• [TASK ITEM] Below are the records; repeat exactly their lines between the line holding "الرابع، أن الرسالة" and the line holding "穆阳线面中,还藏着独特的民俗", inclusive, skipping the pictures.

• [RAW DATA]
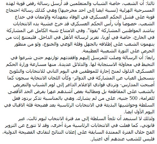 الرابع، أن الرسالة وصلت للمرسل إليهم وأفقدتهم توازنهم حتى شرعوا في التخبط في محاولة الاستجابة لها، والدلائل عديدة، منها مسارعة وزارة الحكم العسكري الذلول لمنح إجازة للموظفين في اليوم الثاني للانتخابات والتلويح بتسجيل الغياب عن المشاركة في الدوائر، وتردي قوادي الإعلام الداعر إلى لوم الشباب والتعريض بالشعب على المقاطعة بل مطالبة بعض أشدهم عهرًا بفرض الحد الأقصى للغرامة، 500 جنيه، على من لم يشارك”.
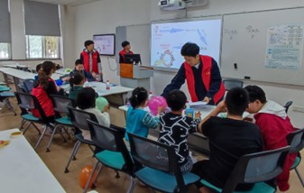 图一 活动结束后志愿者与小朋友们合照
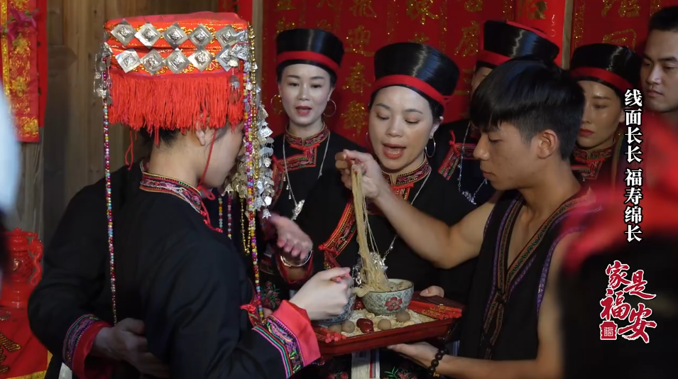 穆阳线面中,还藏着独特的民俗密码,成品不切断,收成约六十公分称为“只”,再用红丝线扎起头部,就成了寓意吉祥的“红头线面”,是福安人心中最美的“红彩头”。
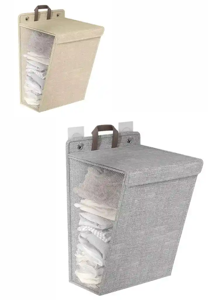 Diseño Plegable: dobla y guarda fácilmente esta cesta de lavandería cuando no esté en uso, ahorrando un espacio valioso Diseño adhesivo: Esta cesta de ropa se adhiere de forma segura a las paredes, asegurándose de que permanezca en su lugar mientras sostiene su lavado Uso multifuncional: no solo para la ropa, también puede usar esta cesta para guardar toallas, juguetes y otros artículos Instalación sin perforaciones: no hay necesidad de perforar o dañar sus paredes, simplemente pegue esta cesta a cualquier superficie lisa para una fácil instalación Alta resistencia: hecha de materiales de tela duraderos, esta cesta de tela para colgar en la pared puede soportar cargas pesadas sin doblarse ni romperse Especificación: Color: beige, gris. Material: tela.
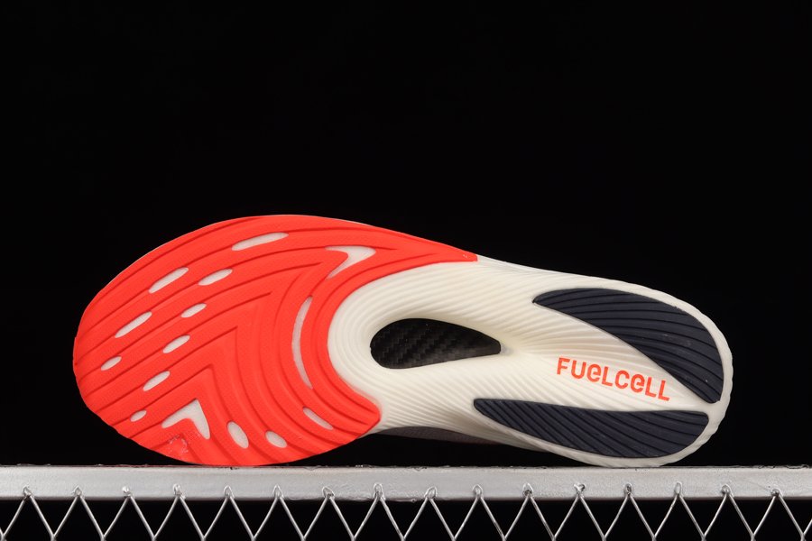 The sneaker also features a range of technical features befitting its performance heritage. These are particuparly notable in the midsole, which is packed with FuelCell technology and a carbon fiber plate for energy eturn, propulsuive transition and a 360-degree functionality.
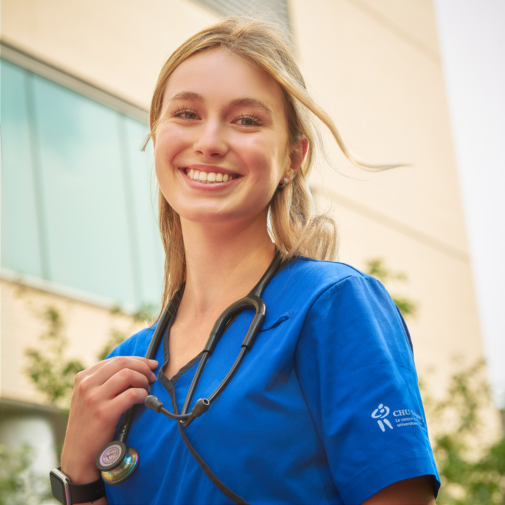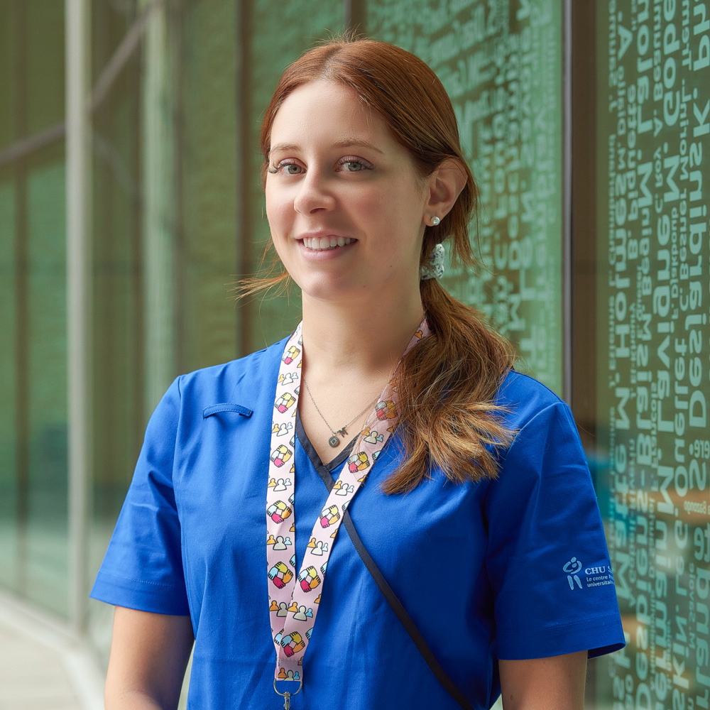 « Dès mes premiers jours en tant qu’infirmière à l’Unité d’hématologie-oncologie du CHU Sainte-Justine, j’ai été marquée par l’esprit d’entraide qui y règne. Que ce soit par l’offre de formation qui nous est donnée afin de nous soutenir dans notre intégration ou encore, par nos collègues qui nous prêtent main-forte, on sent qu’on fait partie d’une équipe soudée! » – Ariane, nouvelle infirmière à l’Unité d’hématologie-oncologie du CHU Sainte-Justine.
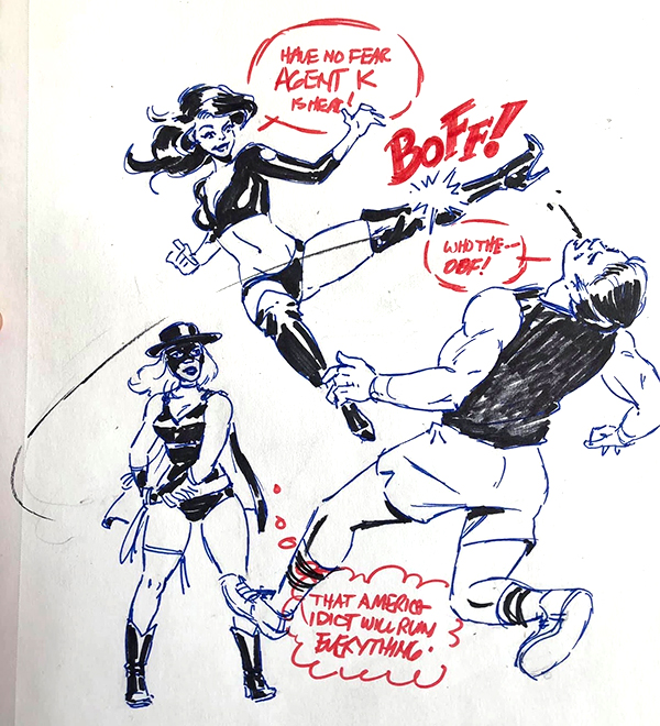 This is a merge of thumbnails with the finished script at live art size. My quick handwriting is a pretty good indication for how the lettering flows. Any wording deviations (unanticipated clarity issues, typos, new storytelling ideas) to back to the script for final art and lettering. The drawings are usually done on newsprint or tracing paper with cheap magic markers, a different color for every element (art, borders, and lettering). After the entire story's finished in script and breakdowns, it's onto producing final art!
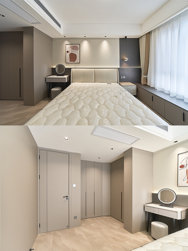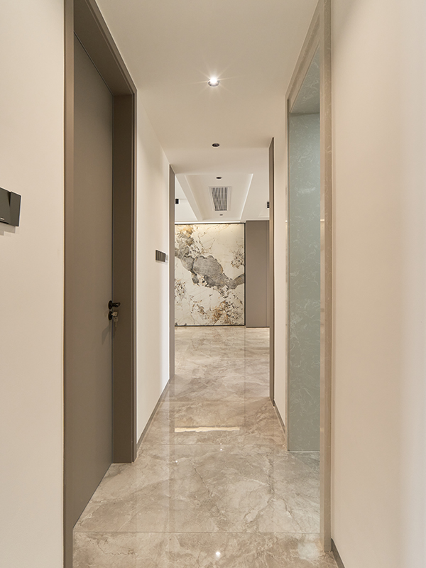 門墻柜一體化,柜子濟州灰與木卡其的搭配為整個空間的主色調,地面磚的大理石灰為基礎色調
...
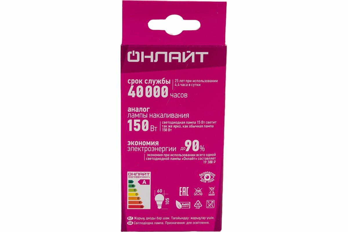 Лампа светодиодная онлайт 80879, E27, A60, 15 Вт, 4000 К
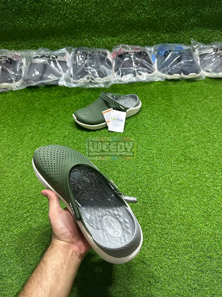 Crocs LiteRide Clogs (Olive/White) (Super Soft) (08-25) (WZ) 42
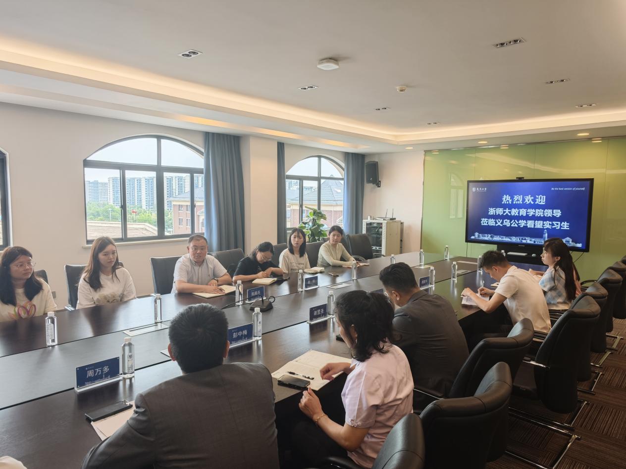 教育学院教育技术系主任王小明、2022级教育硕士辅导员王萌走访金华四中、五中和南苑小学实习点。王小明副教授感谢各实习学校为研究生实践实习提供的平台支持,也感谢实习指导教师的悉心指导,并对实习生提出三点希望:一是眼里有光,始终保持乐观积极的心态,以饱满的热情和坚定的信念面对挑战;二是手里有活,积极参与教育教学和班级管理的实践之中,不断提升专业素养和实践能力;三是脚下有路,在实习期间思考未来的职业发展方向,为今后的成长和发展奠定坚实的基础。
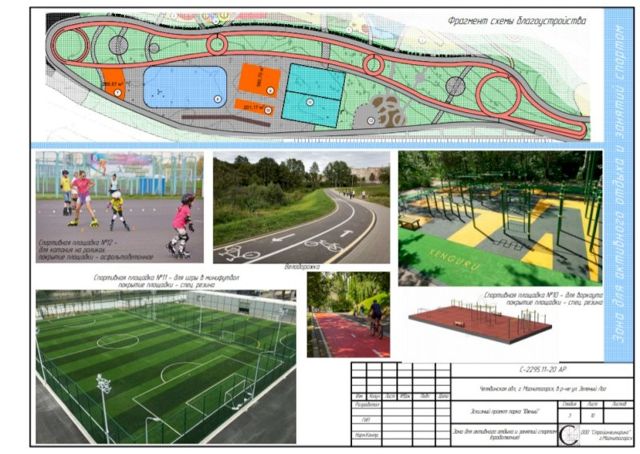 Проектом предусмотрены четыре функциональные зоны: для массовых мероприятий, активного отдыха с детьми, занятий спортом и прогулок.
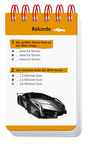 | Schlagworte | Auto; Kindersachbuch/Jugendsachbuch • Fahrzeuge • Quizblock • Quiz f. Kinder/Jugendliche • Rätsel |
...
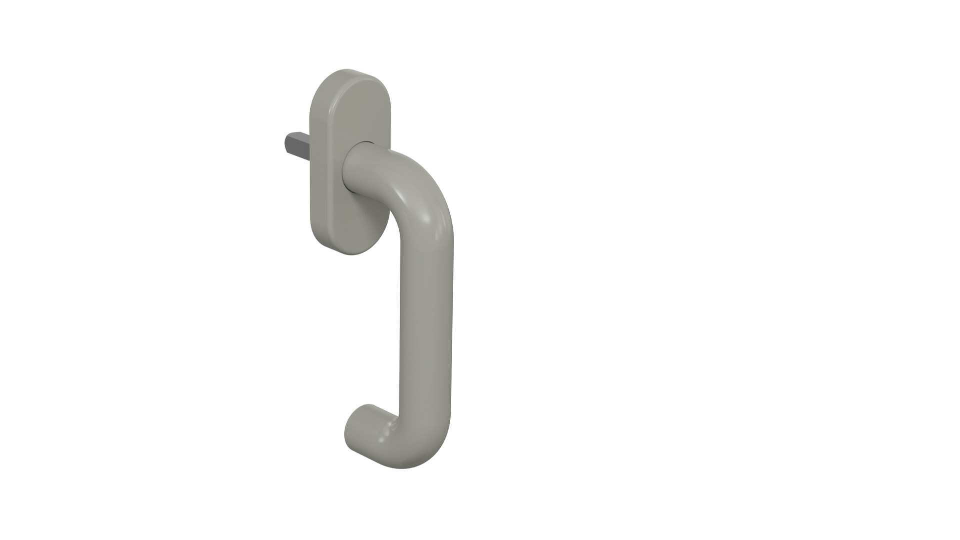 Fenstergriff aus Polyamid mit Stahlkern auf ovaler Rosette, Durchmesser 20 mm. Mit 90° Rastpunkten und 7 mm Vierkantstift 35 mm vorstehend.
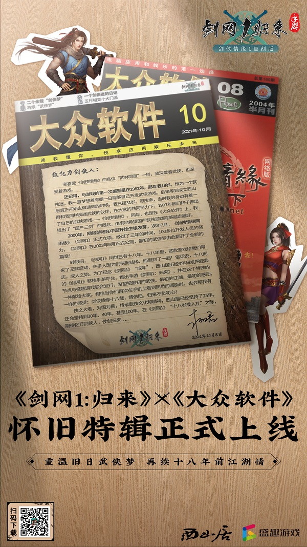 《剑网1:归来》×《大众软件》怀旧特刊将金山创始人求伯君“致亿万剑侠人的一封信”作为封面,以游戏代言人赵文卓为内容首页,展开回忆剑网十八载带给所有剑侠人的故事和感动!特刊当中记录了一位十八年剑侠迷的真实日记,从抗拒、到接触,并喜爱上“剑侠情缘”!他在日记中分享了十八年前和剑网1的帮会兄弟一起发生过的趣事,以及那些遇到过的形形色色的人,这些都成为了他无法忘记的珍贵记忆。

• [ANSWER TO THE PROBLEM]
 الرابع، أن الرسالة وصلت للمرسل إليهم وأفقدتهم توازنهم حتى شرعوا في التخبط في محاولة الاستجابة لها، والدلائل عديدة، منها مسارعة وزارة الحكم العسكري الذلول لمنح إجازة للموظفين في اليوم الثاني للانتخابات والتلويح بتسجيل الغياب عن المشاركة في الدوائر، وتردي قوادي الإعلام الداعر إلى لوم الشباب والتعريض بالشعب على المقاطعة بل مطالبة بعض أشدهم عهرًا بفرض الحد الأقصى للغرامة، 500 جنيه، على من لم يشارك”.
 图一 活动结束后志愿者与小朋友们合照
 穆阳线面中,还藏着独特的民俗密码,成品不切断,收成约六十公分称为“只”,再用红丝线扎起头部,就成了寓意吉祥的“红头线面”,是福安人心中最美的“红彩头”。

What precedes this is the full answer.